A trickle of water drizzled down Nina’s body. She slipped along the rough side, her palms against the wall, until she sat down. She grasped her knees and let the water continue to run over her. The large drops slapped against the rough surface of the concrete. Wasteful, but she felt too weak to stand. Her parents’ frantic words came back to her, their surprise, relief, distress wrapped into a few sentences over the crackling cell phone. “You’re safe! Come home!” they called out to her. And she did come home. For a while.

Loud chattering from children on the street filtered in where Nina sat and she got up quickly to shut off the faucet. She shook the water from her hair and wrapped herself in a thin towel, then peeked through the window to see the girls in dark blue uniforms making their way toward the busy intersection.

Nina missed teaching her classes. She missed the girls from a different place who looked up at her and asked her questions she did not want to answer, and giggled as they asked them. She missed their parents who wanted to learn to read and write. She missed all the things that she had once hated, that had made her want to leave—the dust, the insects, the uncomfortable bed, the grinding poverty she could do nothing about. Instead of going home, she came here, to this place of volcanoes and shivering earth. This place of women wearing bright huipiles and dark braids down their back, and men with straps across their foreheads bearing loads of firewood.

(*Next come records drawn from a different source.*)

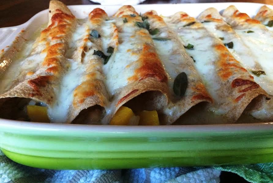 Butternut squash and I are friends all year round. So I’m cheating on summer produce a little bit with this one. I feel this okay because we’re still talking Mexican food which is 50% of my summer intake (although this recipe is in no way remotely authentic). These enchiladas get lightened up with a sauce made of vegetable stock and almond milk plus whole wheat tortillas. It also gets a little protein punch from some chickpeas. There’s still a lot of cheese though… all the cheese.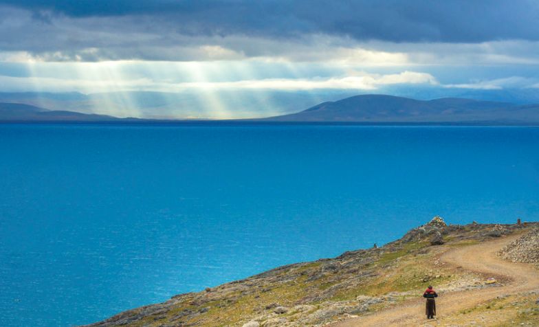 看著羊卓雍措嵌在荒涼群山中的身影觸動心里最柔軟的地方,這一片最藍的天空,離鷹鷲最近,離煩愁最遠。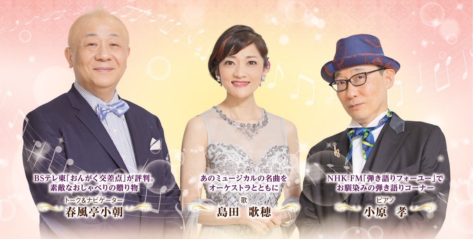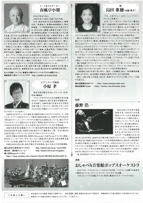 春風亭小朝の楽しいトークコーナーや小原孝の弾き語りコーナーもあります。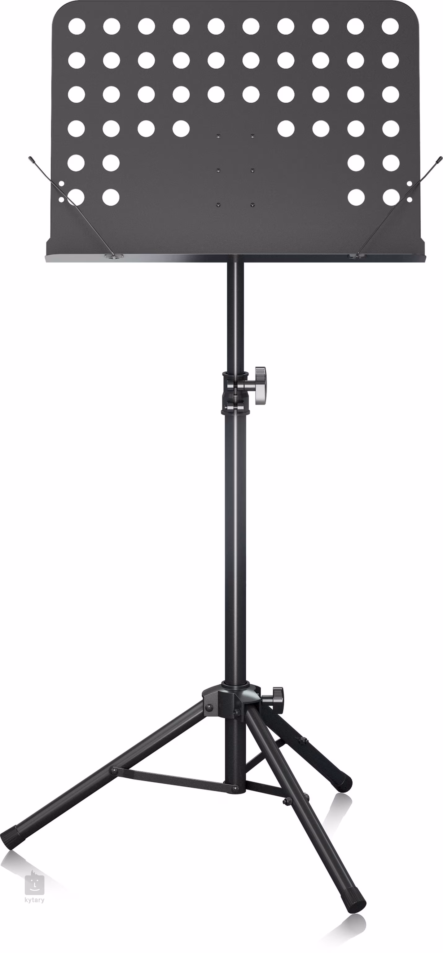 Perforovaný notový pult o rozměrech 48 × 33 × 4,5 cm (šířka × hloubka × výška) poskytuje dostatek prostoru pro notové materiály. Konstrukce pultu je pevná a není odnímatelná, což přispívá k celkové stabilitě stojanu.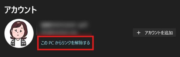 設定画面でメニューから「アカウント」を選び、「このPCからリンクを解除する」をクリック

A horn beeped and she quickly dressed and stepped outside. “¿Otro grupo?” The driver asked her when he saw her.

“Yes. Another group. Un momento.”

Just as she reached for her bag, her body gave way and she sat down hard on the bed.

Two months ago, Nina said goodbye to Brynn that last morning, wishing that she was the one going to the meeting in the capital and to a comfortable hotel room. Nothing unusual about that day, or Brynn lifting her tanned arms to hand her bag to the man on top of the bus, then turning to wave goodbye.

Once the shaking started that night, the earth continued to tremble eternally. Two small children clung to Nina as all three lay on the soccer field, too afraid to sleep inside. One child lost both her parents and later went to live with her uncle, the other found his mother the next afternoon.

But that night they had no one but Nina who pressed her hands against both of them, comforting them. She calmed herself by concentrating on the band of light over her head, the arc of the Milky Way. See, she told the children. The boy pointed at one particularly bright star. “Etwal.” His voice rasped from the dust.

Seventeen days later, they pulled Brynn’s body out of the rubble of the hotel.

“Are you all right?” The driver stood at the door and looked into the room, but did not come inside.

“Estoy bien.” Nina got up from the bed. “We’re taking the group from the airport to the clinic in Camanchaj.”

“I know.” The driver stood back from the door and let her pass as she walked toward the van, then climbed inside.

On the road to Guatemala City, the driver respected the silence, humming softly under his breath as he drove. Nina busied her mind by checking off all the tasks—the construction supplies purchased, the hostel reservations made, the translators hired. Another group, here for only a week or two. Another group of fractured hearts, to be remade again. For a while, Nina knew that hers would not be alone.